After leaving the Navy and moving to Dallas, Larci struggled to find community amongst other women in tech. She worried the women she knew outside of the industry wouldn’t understand her unique struggles, but the women she was meeting in cyber felt few and far between. Reaching out to Women of Security felt like an encounter with destiny, which inspired Larci to start her own WoSec chapter in Plano and find her voice as a community leader.
“I wanted to find those women and get more women into security, but also have somebody to hang out with that was in the same industry, same page, we're all kind of going at the same pulse of what we've got going on in our lives.”
What are the challenges for women transitioning into the technology field, whether they're coming from the military or from another industry?
As a woman in threat defense analysis, Larci understands the hurdles and complications that come with transitioning into the field. Originally gaining her security experience in the Navy, Larci explains that she, along with many women she meets in the industry, undermine their past experiences and doubt their full potential. This often leads to less job applications from women when positions open up, perpetuating the gap for women in tech.
“I want to tell women, and I do tell them all the time, don't look at that job title. Read through the actual like, what they want you to do, and maybe you understand it in a different way. Don't worry about that stuff. Let them tell you you're not qualified, don't do it to yourself.”
What comes to the top of your mind about the power of community when thinking about WoSec?
Community inspired Larci to be a part of WoSec, but it also left a lasting impact on her friends and her family. Not only has Larci witnessed many female friends achieve career heights they never dreamed possible, she’s also seen Women of Security inspire her own daughter. Initially believing her job was “too technical,” Larci’s daughter now better understands her own potential to succeed in cyber and tech, which has given her so much confidence in her future.
“I'm seeing people get their first jobs in cybersecurity, and it's really exciting. And then, they'll turn around and help somebody else. I feel like that's happening a lot more. I see it because my group is doing it, I think we're all emulating each other in that way.”

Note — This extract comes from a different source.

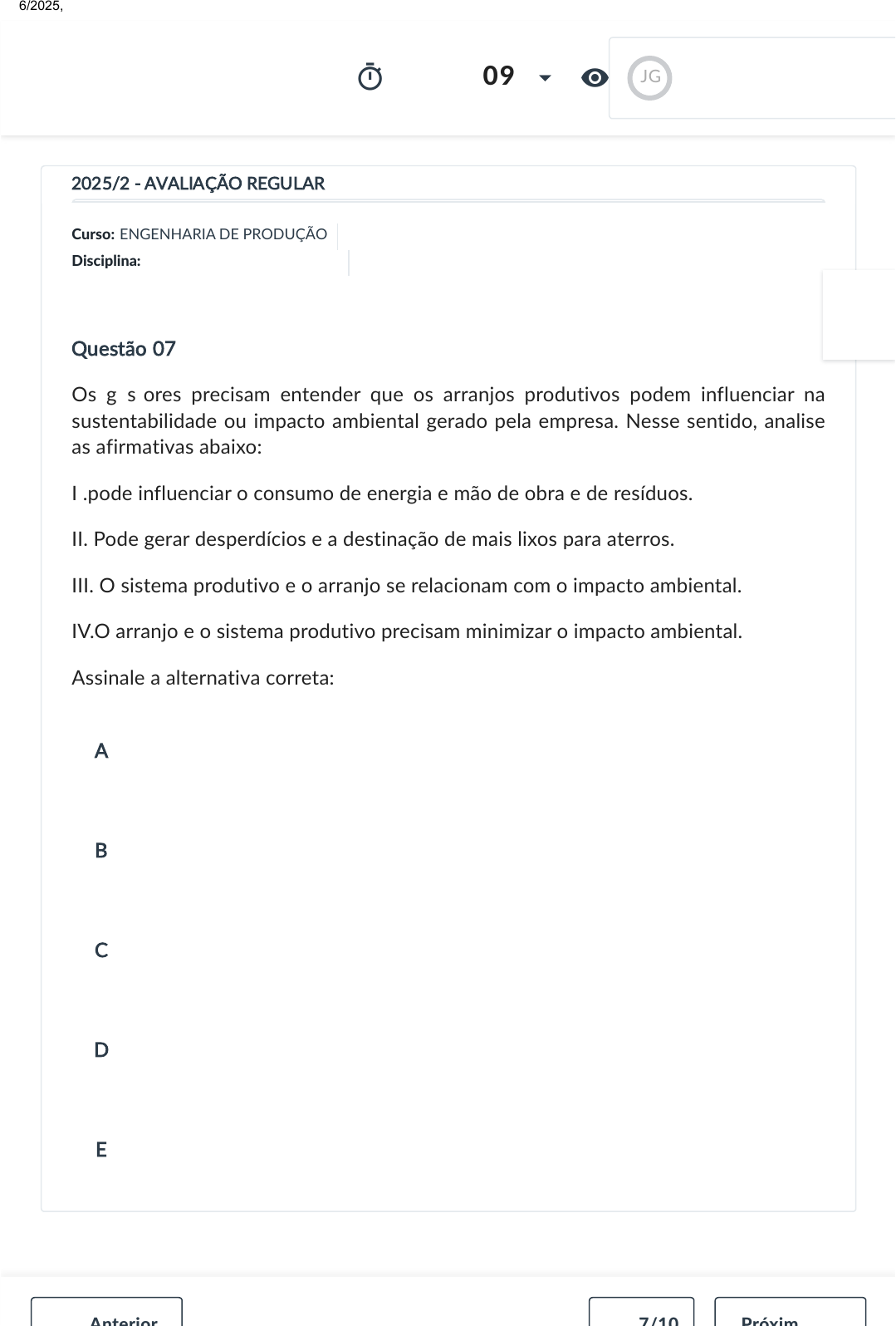 2025/2 - AVALIAÇÃO REGULAR Questão 07 Os gestores precisam entender que os arranjos produtivos podem influenciar na sustentabilidade ou impacto ambiental gerado pela empresa. Nesse sentido, analise as afirmativas abaixo: I .pode influenciar o consumo de energia e mão de obra e de resíduos. II. Pode gerar desperdícios e a destinação de mais lixos para aterros. III. O sistema produtivo e o arranjo se relacionam com o impacto ambiental. IV.O arranjo e o sistema produtivo precisam minimizar o impacto ambiental. Assinale a alternativa correta: A B C D E Curso: ENGENHARIA DE PRODUÇÃO Disciplina: INSTALAÇÕES INDUSTRIAIS Turma: EPROD5A2025 S5 M18 2025/2 Somente a afirmativa II está correta. Somente as afirmativas II e III estão corretas. Somente as afirmativas I, II e III estão corretas. Todas as afirmativas estão corretas. Somente as afirmativas I e II estão corretas. JEFERSON ALEXANDRE DA ... 85368-2000:40:09 JG Anterior 7/10 Próximo 27/06/2025, 20:20 AvaliA Online :: AvaliA Online https://uninga.grupoa.education/avalia-online/ 1/2 JEFERSON ALEXANDRE DA ... 85368-2000:40:09 JG Anterior 7/10 Próximo 27/06/2025, 20:20 AvaliA Online :: AvaliA Online https://uninga.grupoa.education/avalia-online/ 2/2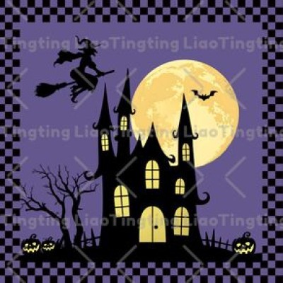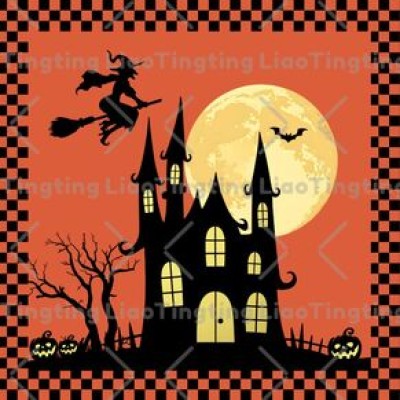 Halloween Theme,Plaid,Branch,Bat,Pumpkin Lantern,Castle,Witch,Moon Horror

For any women listening right now, what would be that piece of advice that you have for them to keep them energized while they're in the field?
Money is a motivator for many individuals transitioning into the cyber industry. While Larci understands why she meets many women looking to make more money in cyber, she also encourages those women— and anyone else listening to this week’s show— to find a purpose and passion for their work. Money motivation doesn’t last forever, and Larci wants to build a community of women who understand and enjoy their purpose in tech.
“I feel like no matter what you do, if you have purpose in what you're doing, you're going to stay and you're going to have that drive. On top of that, you gotta have fun with this. If you're not having fun at what you're doing every day, I think you're doing it wrong.”